Вчера ночью из деревни, о которой я тебе уже говорил и которая находится в нейтральной зоне между нами и австрийцами, мои разведчики вынесли на руках четверых детей народного учителя; старшему 7 лет, младшей 1,5 года. История здесь обычная, но полная драмы. Когда мы заняли эти районы, учитель, оставив жену с детьми, отправился во Львов слушать курсы русского языка. Нагрянули мадьяры, жена растерялась и бежала, оставив детей на попечение старухи крестьянки. Дети прожили в таком положении более месяца, пока вчера не прибыл отец, указал нам дом и дал возможность разведчикам ночью вынести детей. Сегодня спрашивал отца, говорит, что старуха кормила их квасом и капустой и еще чем-то и дала им возможность не умереть до прихода отца. Дети страшно исхудали, оборвались. Трех старших закутали в тряпье, а маленькую Женю так и взяли полуголую; солдат забрал ее под шинель… несли по глубокому снегу в гору на позицию, где офицеры в землянке детей отогрели, накормили, закутали и затем доставили сюда… Теперь они на станции, готовые к отъезду во Львов. Отец, рассказывая мне всю эту историю, долго крепился, а потом горько заплакал… Хорошо, что австрийцы или опешили, или прозевали; открой огонь из своих окопов, они могли изранить и детей, и разведчиков. Жена вчера в ожидании мужа и детей проспала в денщицкой, прикорнув в углу… С ней и говорить опасно: так изнервничалась, что сейчас же начинает дрожать. Сверх того, страдает зубами (флюс) и ожидает месяца через 1–2 пятого…

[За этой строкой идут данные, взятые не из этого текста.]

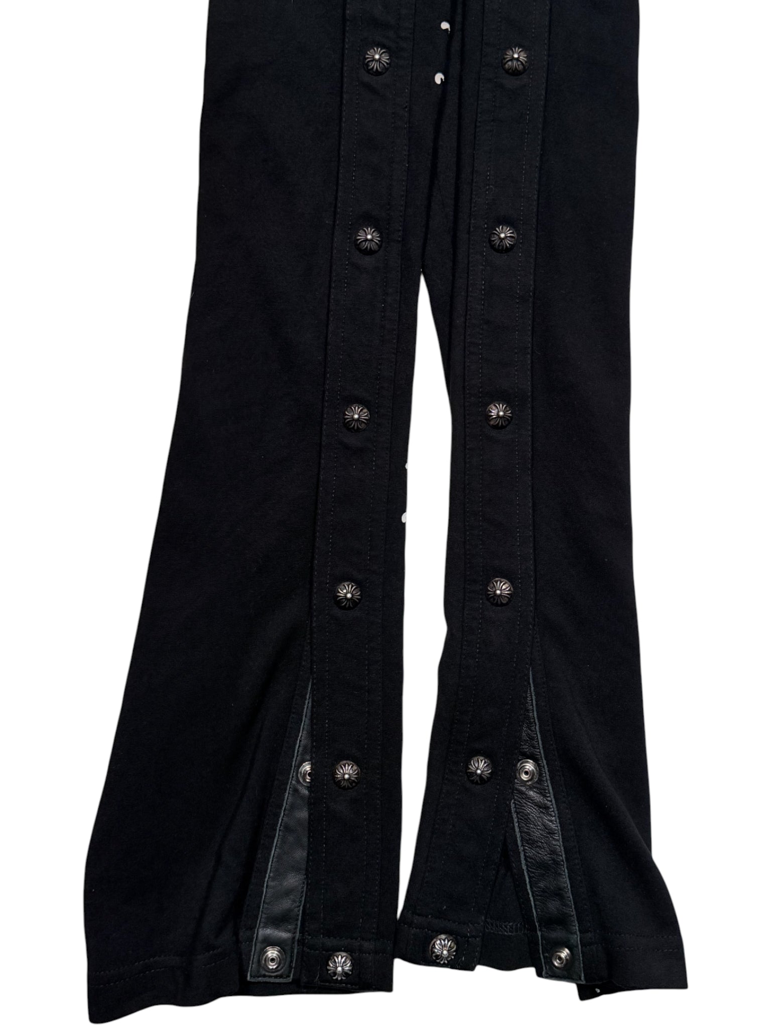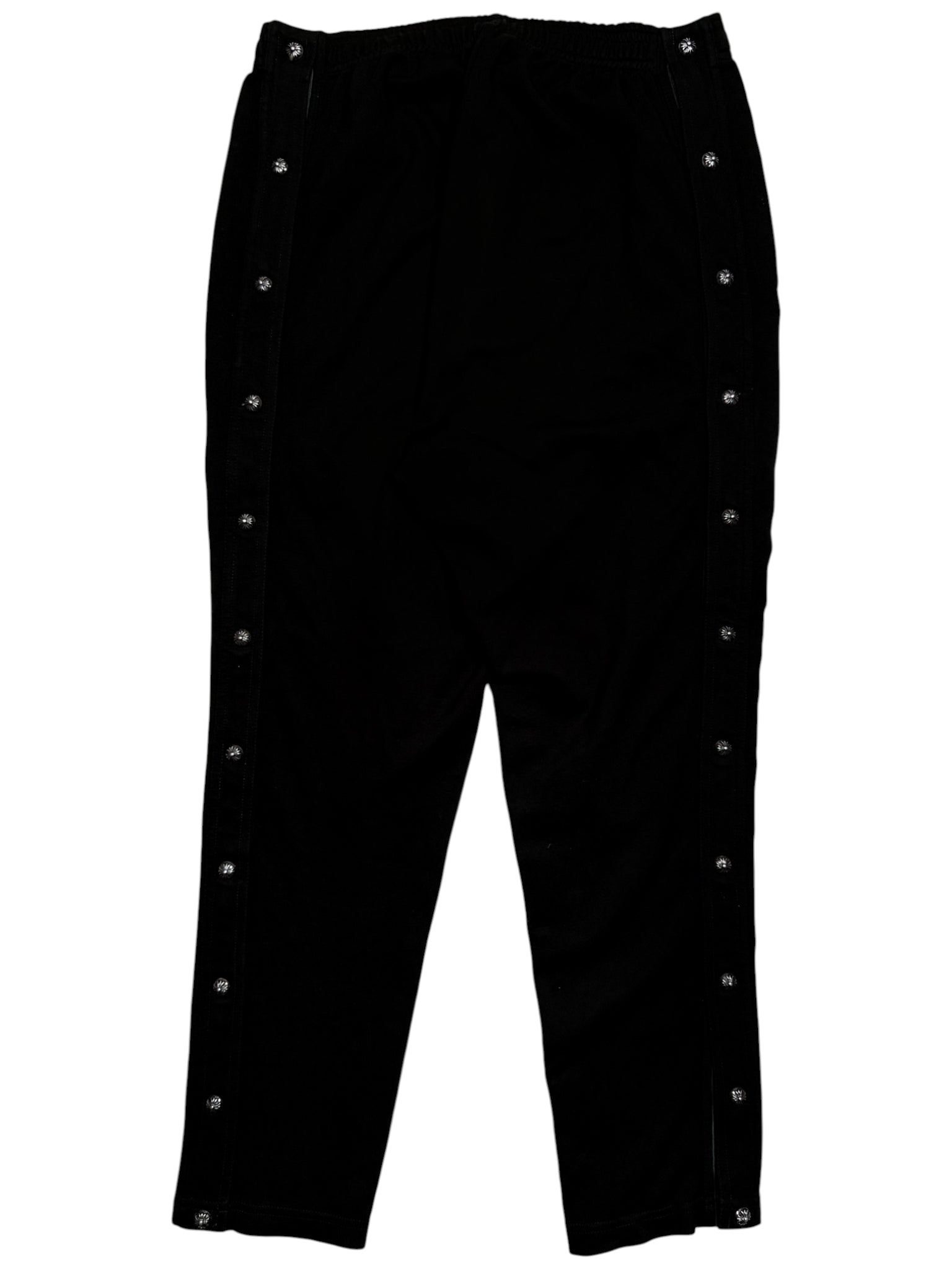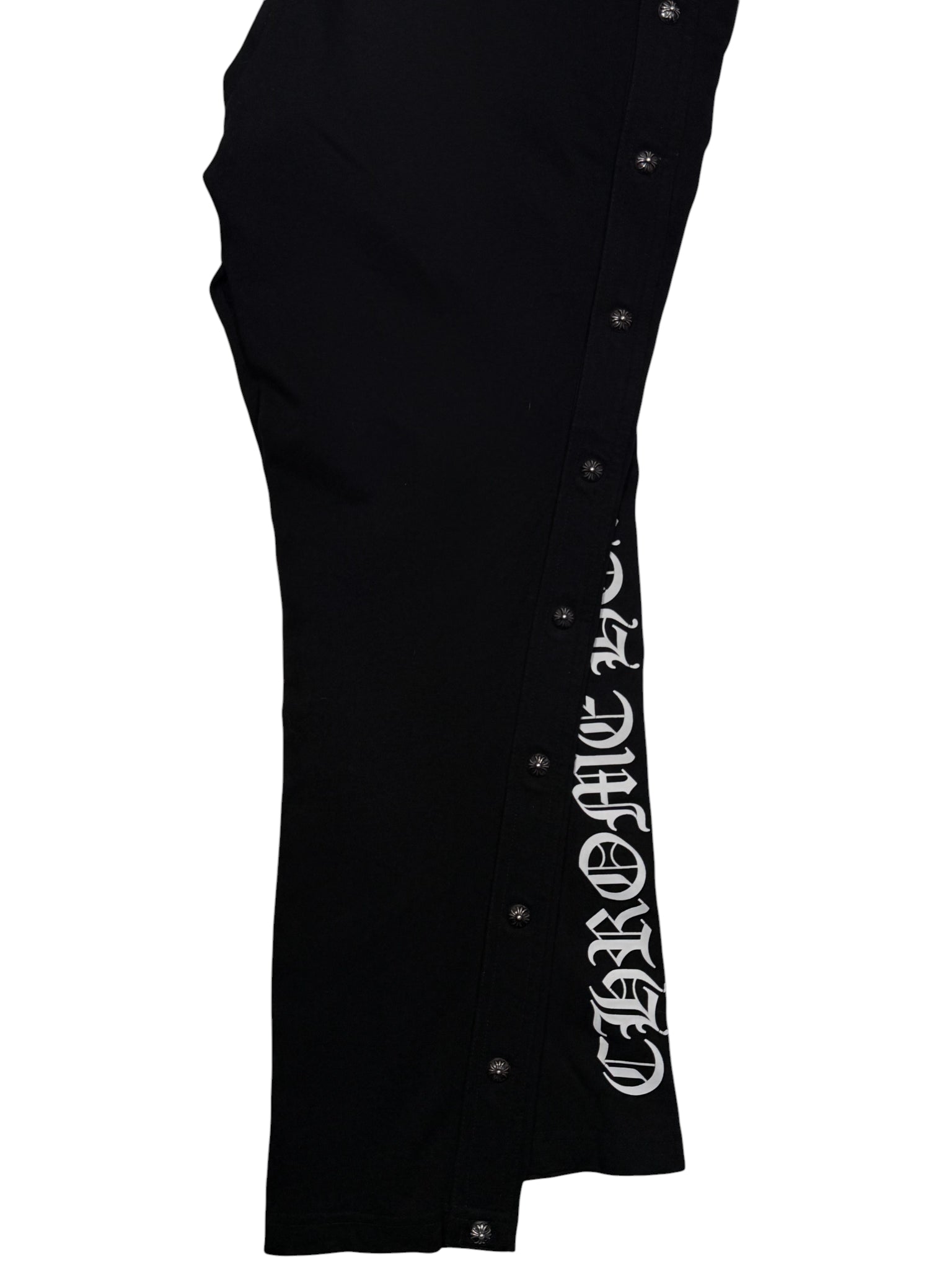 DETAILS: Chrome Hearts "Tear-Away" style button up track pants. A high-utility luxury staple featuring a full-length side-snap construction with 11 signature .925 sterling silver crossball buttons on each side (22 buttons total). The button snaps are reinforced with premium black leather trim for durability and a nice structured fit that can be adjusted with the buttons. Finished with iconic "Chrome Hearts" script logo graphics on both legs. Crafted from high quality cotton, leather and silver. Insane piece with a lot of silver. Great condition as seen in photos. Made in the USA.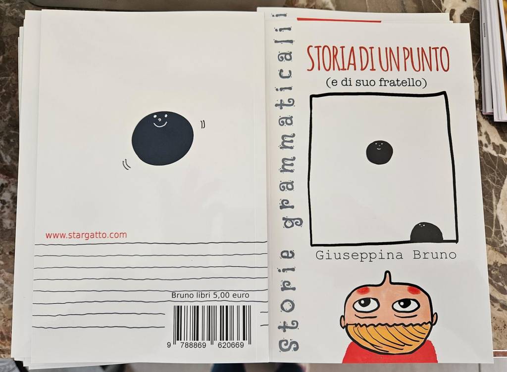 Tra le prime favole che ho scritto, “Storia di un punto” è quella che mi ha appassionato di più per quello stile giocoso, immaginario, astratto con cui mi trovo totalmente a mio agio. Per ripresentare questo racconto ho scelto di adattarlo in una nuova versione, inserendo un racconto nuovo, rivedendo le illustrazioni e inserendolo in una serie di libri che sto preparando di “Storie grammaticali”.

Получил из Каменца письмо от Осипа; пишет, как были рады ему граф с графиней, Истомин… Даже Фрид, увидевший его на улице, выразил свое огорчение и тоску по нам с тобою. Живность наша вся в целости, живет в нашей квартире Катя с мужем, что, ввиду отсутствия теперь водки, является, по моему мнению, вариантом довольно утешительным. Осип везет оружие… ради Бога, отбери сейчас патроны, чтобы молодые воины не вздумали себя калечить; я положил патроны, да и сам теперь не рад.

Сейчас пришел старик русин и говорит, что ему есть нечего. Денщики острят: «Придется зачислить его на довольствие». Так и приходится делать. Приказал кормить.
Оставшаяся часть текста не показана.